As will be described over the following pages, Larkin’s nursing career would be far from stereotypical. The early twentieth century in the US was defined by the arrival of European immigrants seeking new beginnings. Larkin, who was only a few years removed from her own emigration from Ireland, would work closely with these newcomers at the hospital in Ellis Island and in the local ethnic communities of New York City. Embracing the role of a public health nurse for the larger part of her career brought Larkin into touch with disadvantaged individuals and communities in the local and national spheres. During the First World War, she would expand her reach to a transnational dynamic, while serving with the American Red Cross (ARC) in Italy. ‘The modern public health nurse’ as described by Elizabeth Stringer in a 1914 article for the American Journal of Nursing ‘must be a sort of general practitioner, who enters into the whole life of her patient and her community as a guide, philosopher and friend.’ix The lives and careers of nurses like Larkin, who framed their career around this ethos, are still emerging in the historical record.
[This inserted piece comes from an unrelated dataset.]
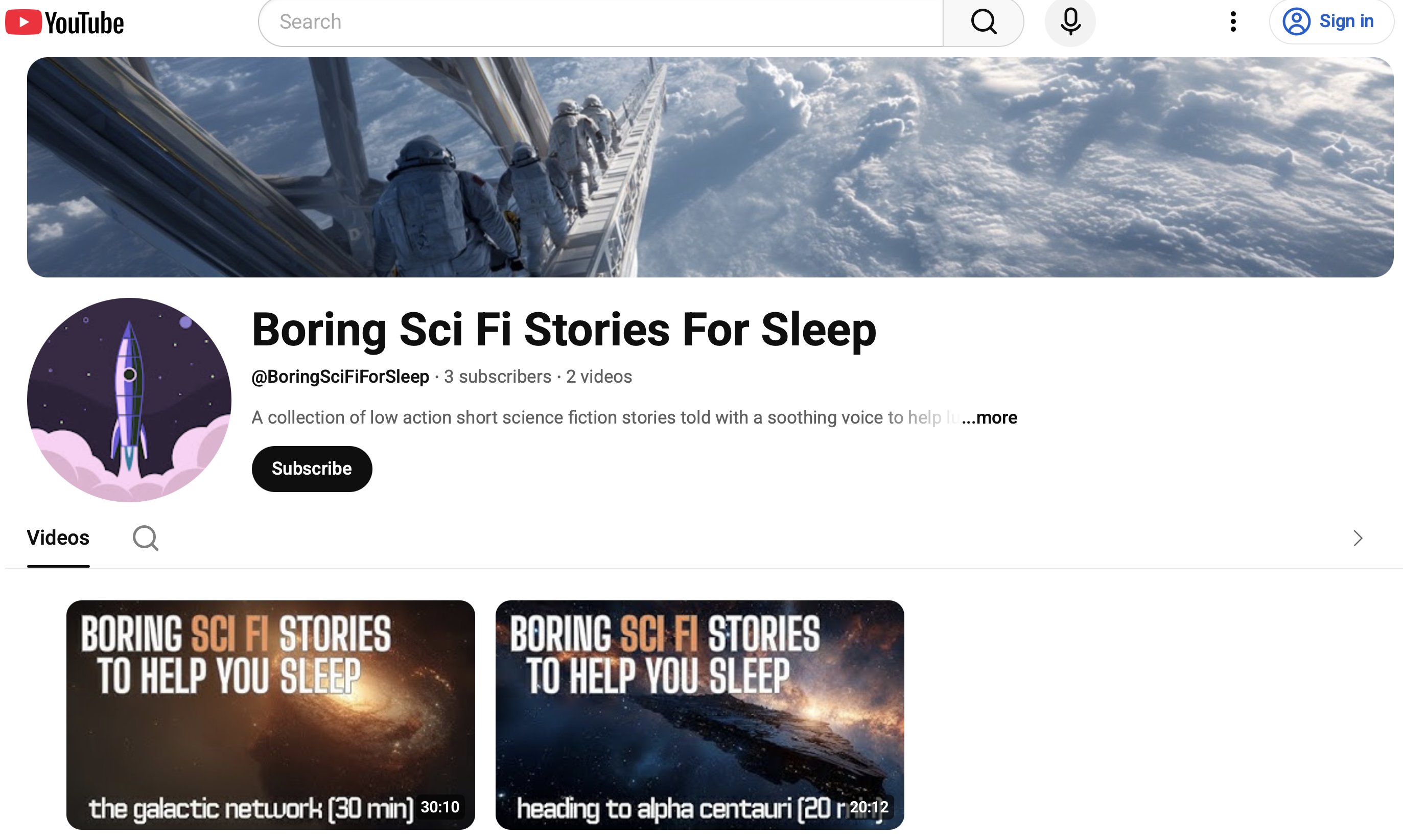 Currently, I'm also running a fun experiment using AI called Boring Sci Fi Stories For Sleep, which you can check out on YouTube here. I'm trying to test how quickly I can create new and (somewhat) entertaining science fiction stories narrated with a pleasing AI voice to lull you to sleep. I also plan on releasing them as an anthology in book form, which I'll be narrating myself.
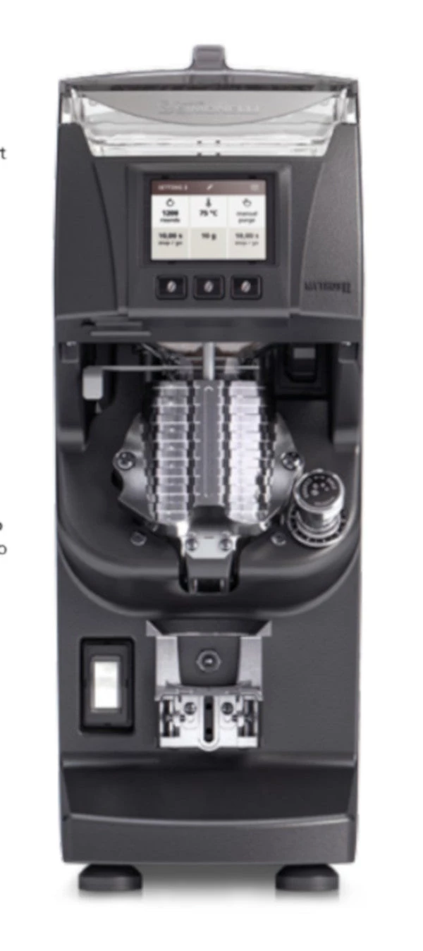 Mythos II introduces gravimetric dosing. This means the grinder doses the ground coffee by weight in real time. Eliminating the need for a scale and reducing coffee wast. This feature can also be turned off via the setting to dose using time.

The recent study by Michelle Hehman and Arlene Keeling, which offers important details about the nurses who worked at Ellis Island has opened an important window into the ‘enduring nature of … immigration, public health, and the role of nurses in society.’x Much more though has to be explored when broadening this conversation to a transnational scope. The role of Larkin and the at least 100 other ARC female volunteers who participated in the Italian theatre during the First World War is an experience that has still not been properly assessed. According to Daniela Rossini, the ‘women’s contribution to the ARC campaign in Italy was crucial, but much of the necessary historical research into it remains to be done.’xi This article intends to provide a glimpse into one such nurse whose time in Italy and overall nursing career has been overlooked.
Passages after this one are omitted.